▶ _Work item_
Set down a faithful copy of every record below, with no images.

▶ _Data extract_
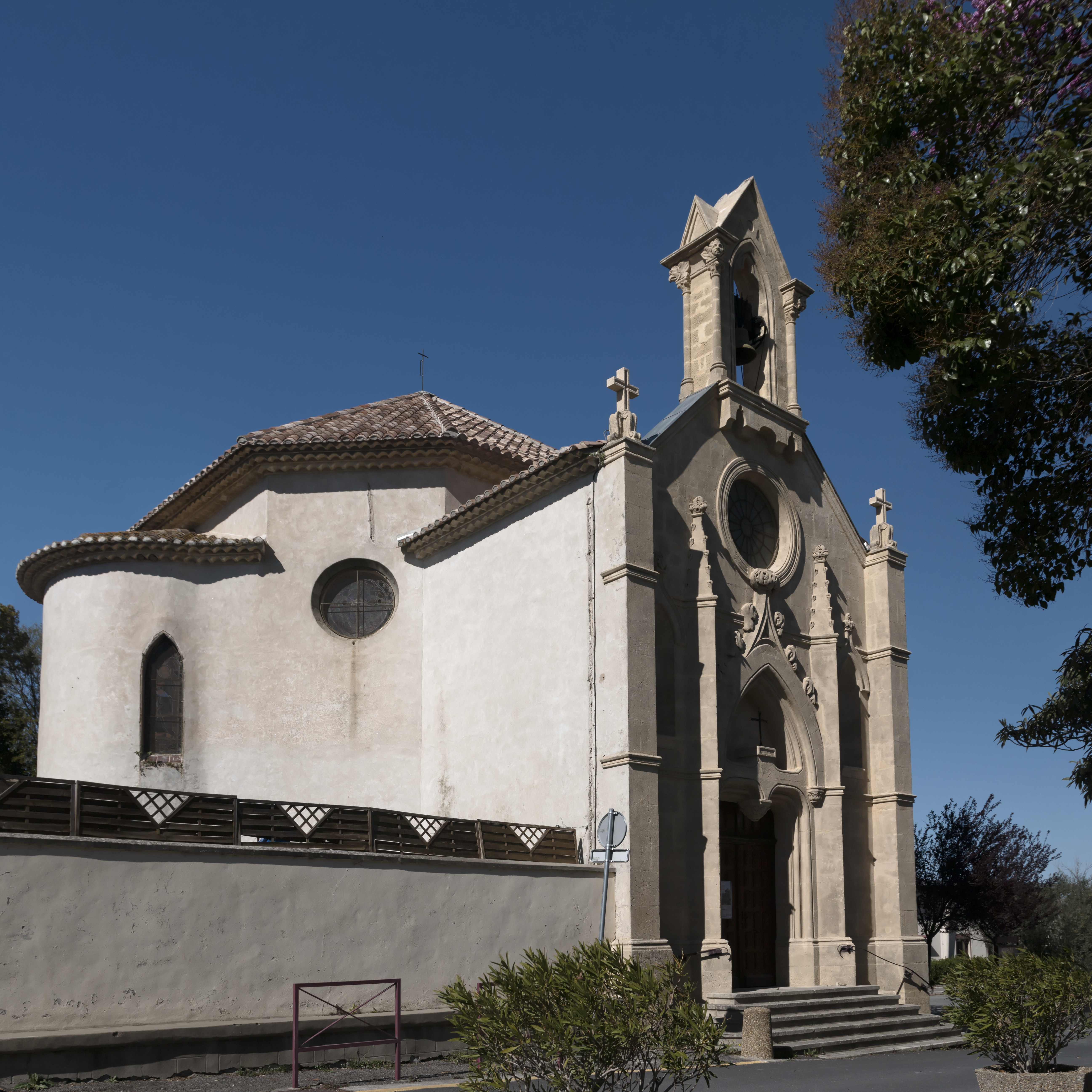 Christian church XIXth. century.
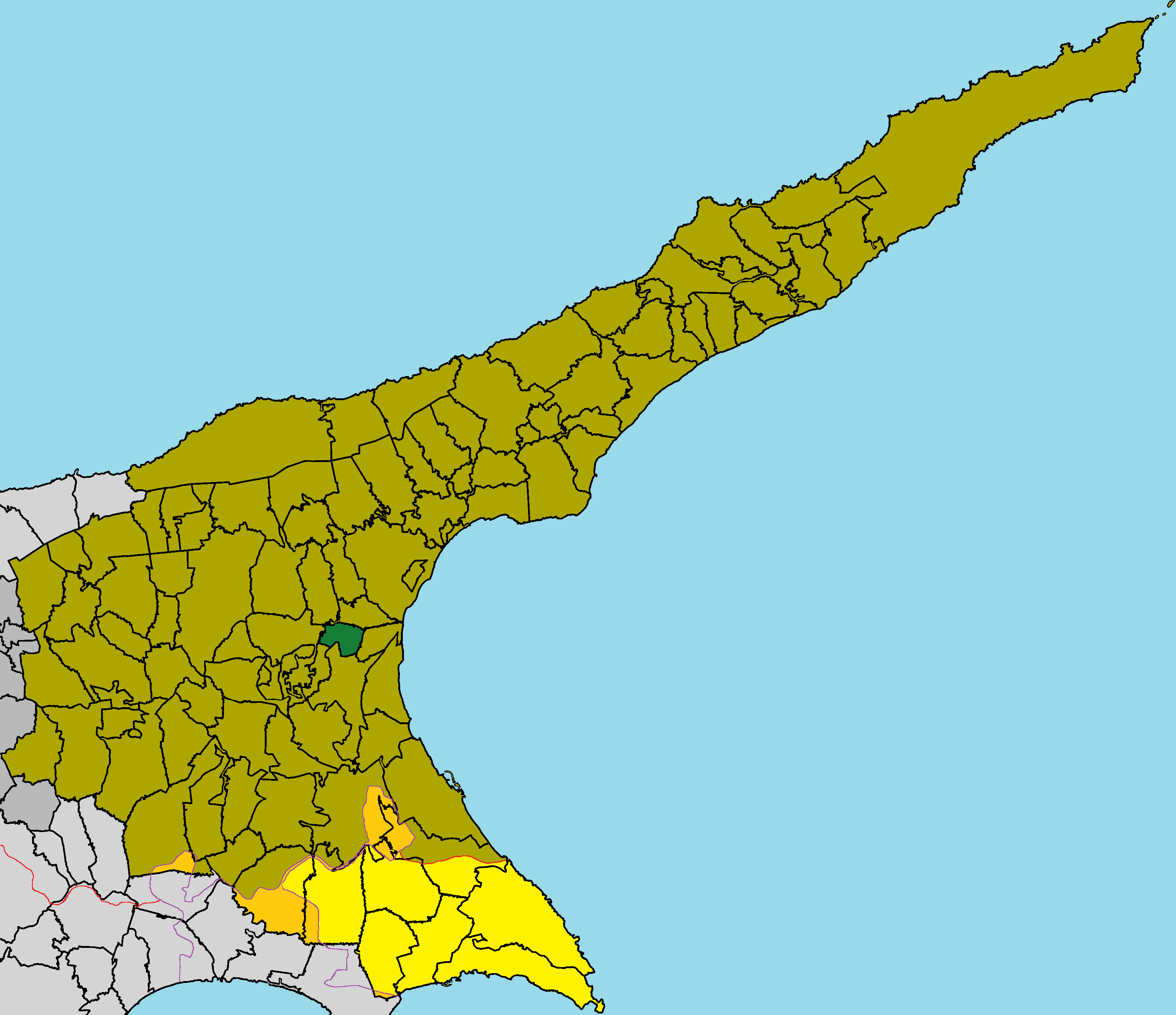 Arnadi in Famagusta District (de jure).
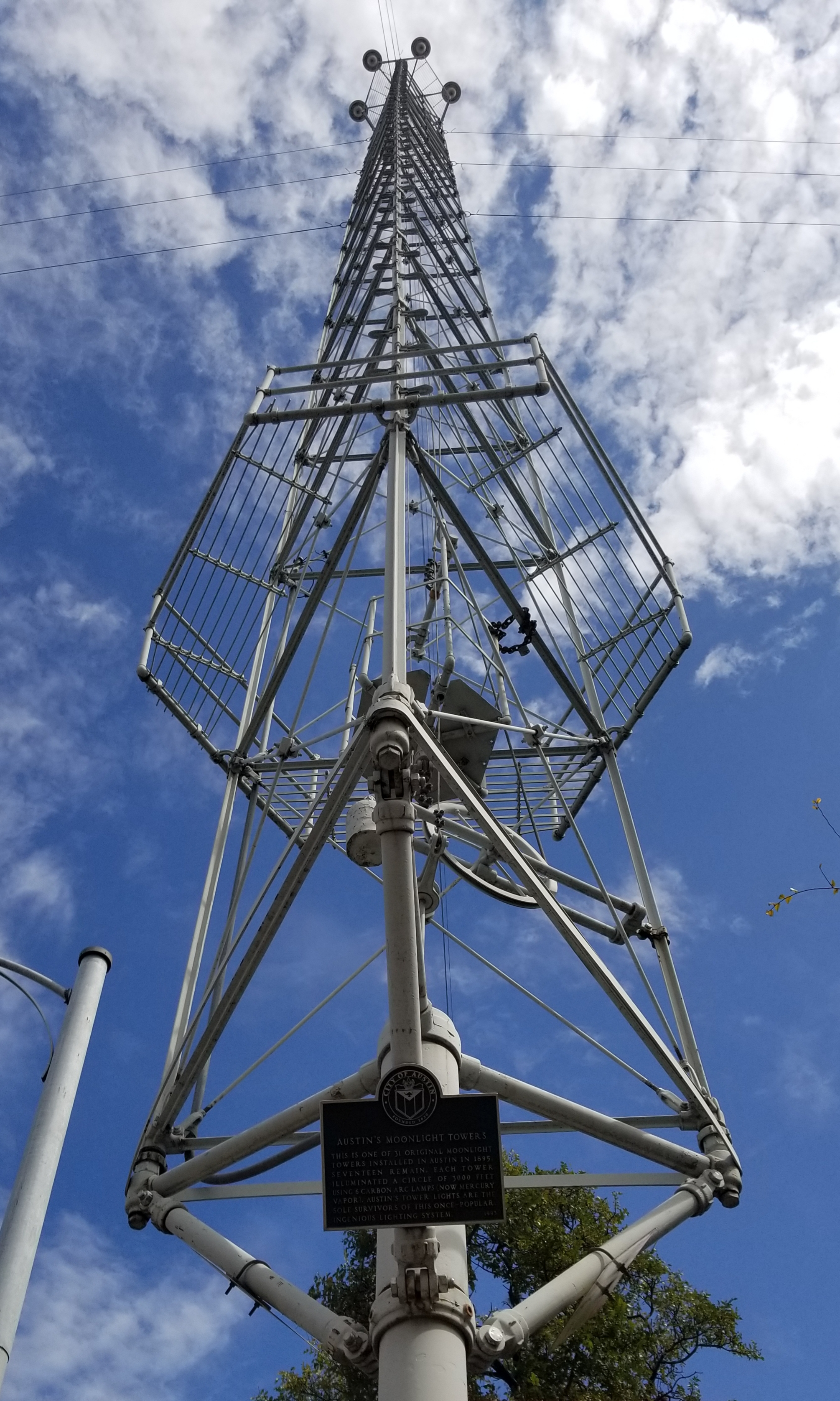 One of 15 remaining Moon Light Towers in Austin, TX. Thirty- one were installed in 1895. The are the sole survivors in the world. NRSID: 76002071 RTHL: 6424 TSAL: 627
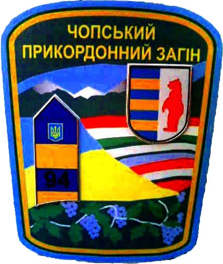 State Border Guard Service Patches of Ukraine
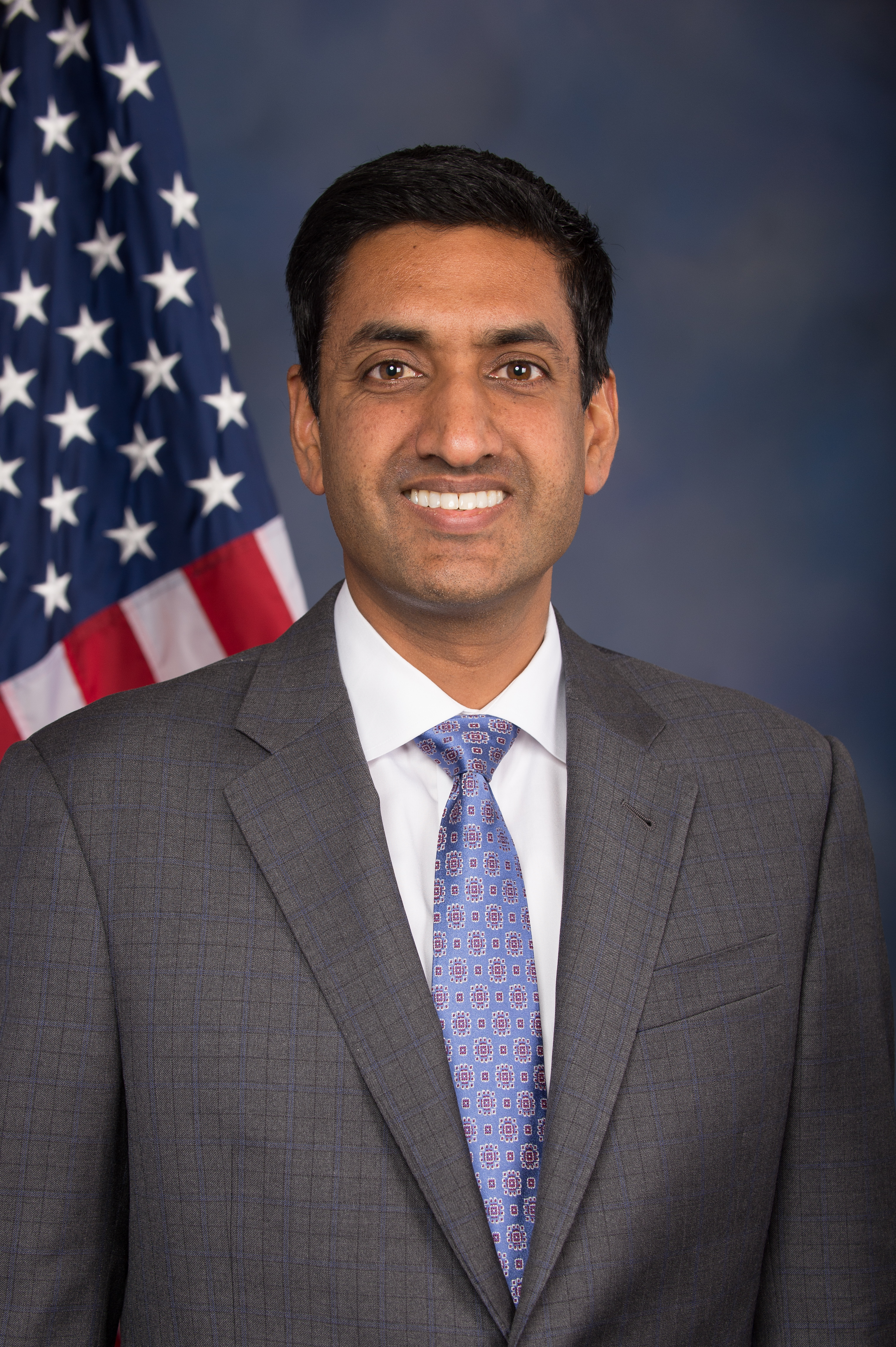 Official portrait of U.S. Congressman Ro Khanna
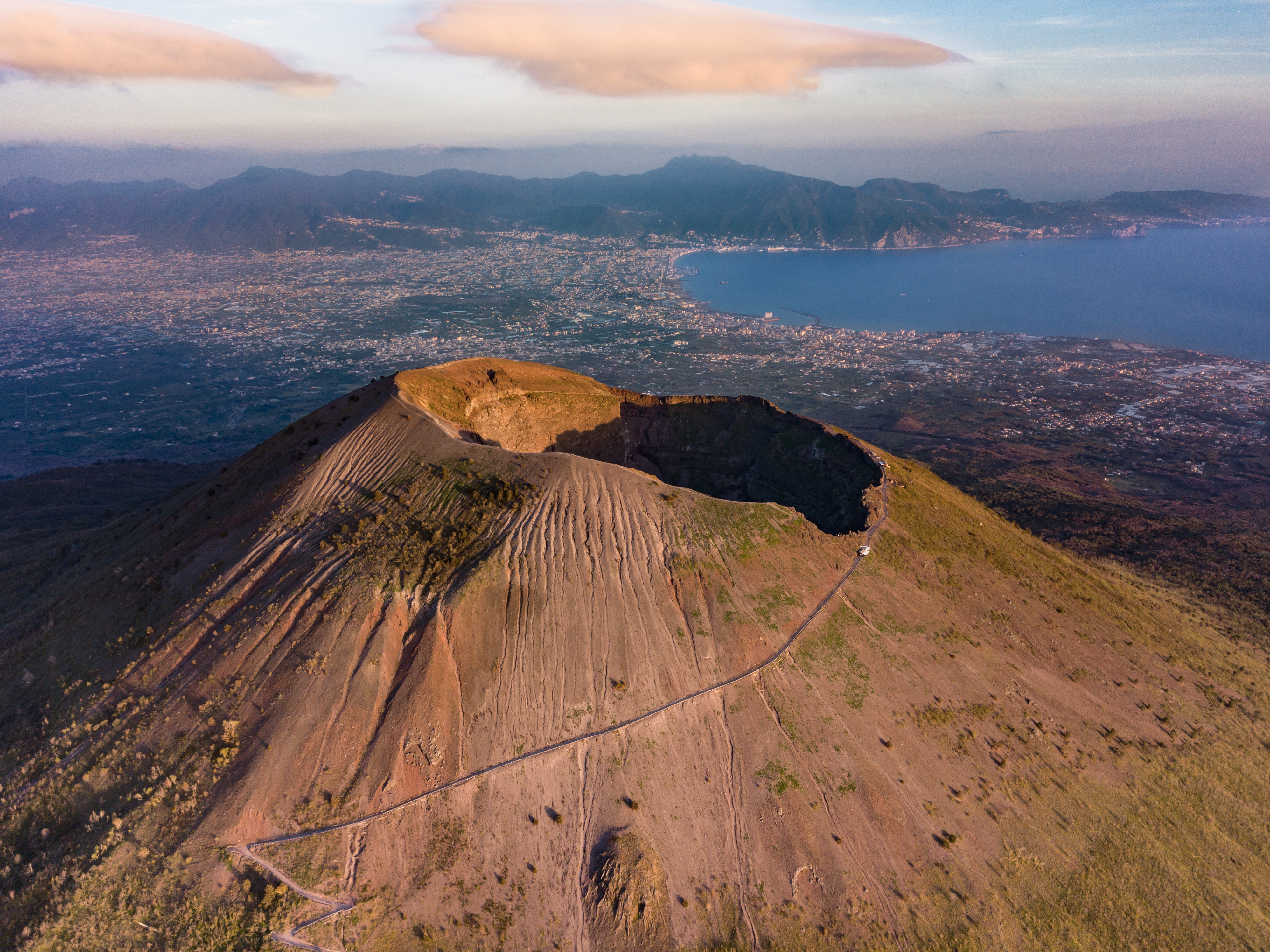 Cone of the Vesuvius, Neapolitan volcano.
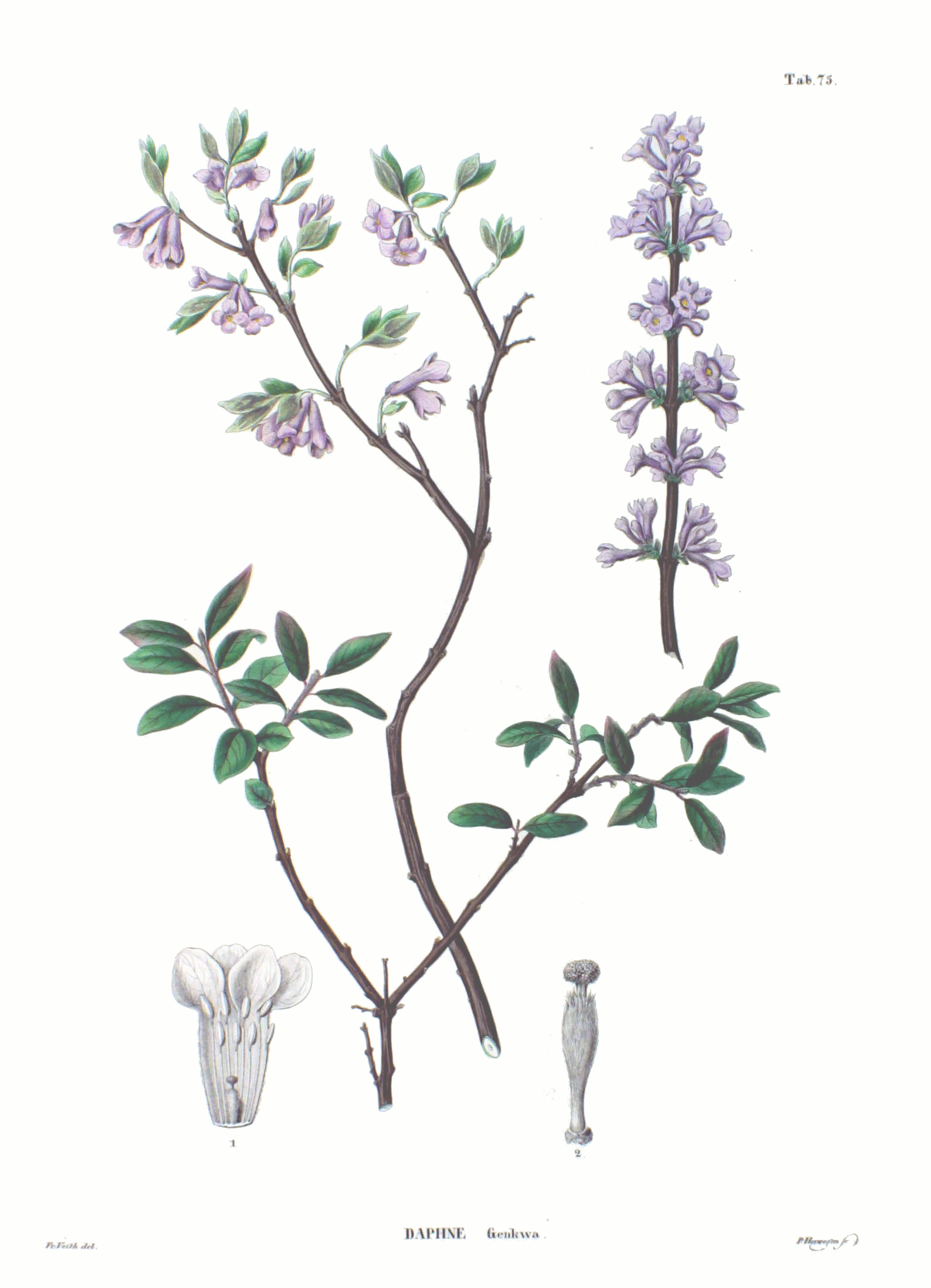 Plate from book

▶ _Written answer_
 Christian church XIXth. century.
 Arnadi in Famagusta District (de jure).
 One of 15 remaining Moon Light Towers in Austin, TX. Thirty- one were installed in 1895. The are the sole survivors in the world. NRSID: 76002071 RTHL: 6424 TSAL: 627
 State Border Guard Service Patches of Ukraine
 Official portrait of U.S. Congressman Ro Khanna
 Cone of the Vesuvius, Neapolitan volcano.
 Plate from book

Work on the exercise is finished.